Kinematic data were filtered using low-pass Butterworth forth-order filter with a cut-off frequency of 10 Hz. Three-dimensional range of motion for the right and left knee joints were measured. Two Kistler force plates were also used to record the Ground Reaction Forces (GRF) during gait. GRF data were sampled at 1000 Hz. Force plates and the motion capture systems were synchronized. The protocol were implemented on both groups.
Movement task
The subjects were asked to walk with a self-selected speed for 5 successful trials. The relevant data were measured from right and left foot. A trial was defined successful if all markers were recorded throughout a stride. Then, after a fatigue protocol, another set of 5 successful walking trials were performed. The mean values of the 5 trials were used for each required parameter. 

Fatigue protocol
The subjects were initially asked to warm-up for 5 minutes, including free walking and flexibility stretches. The fatigue protocol includes running until exhaustion. Then the subjects ran around an indoor volleyball salon (90 m environment) with 4.5 m/s speed for more than 12 minutes. If the exhaustion occurred before 12 minutes, the subject would be excluded from the study. After exhaustion, the test was stopped. Exhaustion was defined as being unable to continue running and a score of greater than 17 based on borg Rating of Perceived Exertion (RPE) scale [22]. Kinematics and kinetics data were recorded before and after the fatigue protocol.

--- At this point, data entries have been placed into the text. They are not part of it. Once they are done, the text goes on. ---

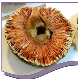
Walt Wright Seed Cone

Petrified Wood is a very well-known fossil plant. In the petrification process, the solid trunk of a tree is replaced by a mineral, usually silica. The cellular structure of the tree is then an exact replica of the original tree now in rock. The colors associated with petrified wood come from the trace elements associated with the mineral that replaced it.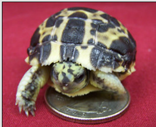
5 day old hatchling

UNSUBSCRIBE NOTICE: If you wish to discontinue receiving from Turtle Survival Alliance, click here to unsubscribe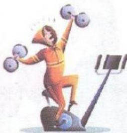
a fitness freak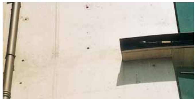
Filled areas either largely toned down or complete mineral color-matched finish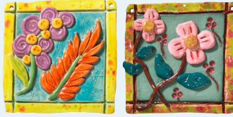
7-12 ART SUPPLIES Contract #Q-128348

Paint, construction paper, ceramics, art pencils, markers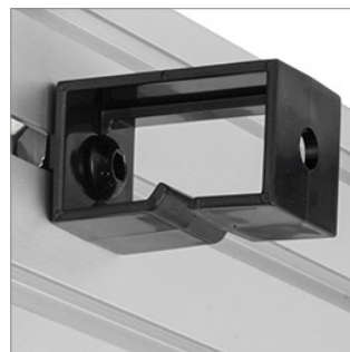
Can be positioned anywhere along the mounting rail, including underneath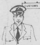
a customs officer

There's a customs officer. He's looking at the suitcases. He's opening the suitcases.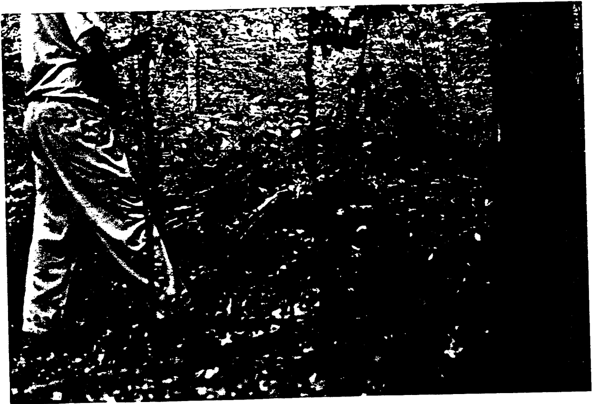
Figure 2. Portion of limestone block mound at mapped location of 15Hd184, looking west.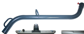
70 mm static conductive tool kit - Included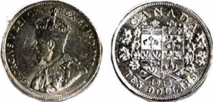
1913. Ten Dollars. GOLD.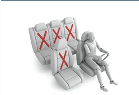
Britax Römer TriFix2 i-Size (i-Size)

Data processing and statistics
First using Nexus software, the kinematics and GRF data were processed and saved with c3d extension. Then data were imported into Visual 3D software. Knee moments and ROM in sagittal, frontal and horizontal plane were extracted from the visual 3D software (C-motion USA). Knee moments were normalized to body weight. Normal distribution of data was done by Kolmogorov-Simonov test to evaluate normality of data. The Independent t test was used to compare between group differences on different variables at pretest. Repeated measures analysis of variance test was also used to show the interaction between factors and groups. Pretest data and plane (sagittal, frontal, and horizontal) were considered as a factor. Statistical significance was set at P<0.05 for all statistical analysis. 
3. Results
Table 1 summarizes the differences between flat feet and healthy groups regarding the knee ROM in sagittal, frontal and horizontal planes. The knee abduction in flat feet group was significantly greater by 32% than that in healthy group (P<0.01). The knee flexion and rotation were not statistically different between two groups (P>0.05). Figure 2 shows the significant interaction between plane and fatigue factors ROM (P=0.044). According to the Figure 2, there was no significant difference in knee ROM in sagittal and horizontal plane between before and after fatigue protocol, but knee ROM in frontal plane was more at post-test compared to pretest. Knee ROM in frontal plane increased significantly 1.2 degrees at post-test.
The mean differences of knee moment between two groups before fatigue protocol are shown in Table 2 According to this table, sagittal and horizontal knee moment 
was significantly greater in flat feet group compared to healthy group on the right and left side. Moreover the first and second peak of adduction knee moment in frontal plane were significantly greater in flat feet group on the left side. Figure 3 displays the interaction of knee adduction moment between groups and fatigue. According to Figure 3, before fatigue protocol knee moment adductor of healthy group was significantly lower than that of flat feet group, but after fatigue protocol knee adductor moment did not change significantly between two groups. Adductor moment increased 0.08 Nm/BW after fatigue protocol in the healthy group.
4. Discussion
This study aimed to assess the effect of fatigue on knee moment kinematics and kinetics in flat feet people during walking. Our study results showed that knee ROM of the flatfeet group in frontal plane was significantly higher than that of the healthy group (P=0.00). In the flatfeet group, the knee moment in sagittal, frontal and horizontal plan was significantly greater by 0.86, 0.02 and 0.13 Nm/BW, respectively. 
The results showed that the knee adduction ROM in the flat feet group was significantly higher than that of the healthy group. The flat feet group walked with excessive pronation and hind foot eversion. The excessive pronation of the foot was accompanied by an increased leg and thigh internal rotation [23, 24]. Hind foot eversion can also lead to increase knee ROM in frontal plan [25]. So these factors can increase knee joint motion in frontal plan. Based on the results, knee motion in frontal plane increased significantly in flatfeet group compared to the healthy group at post-test.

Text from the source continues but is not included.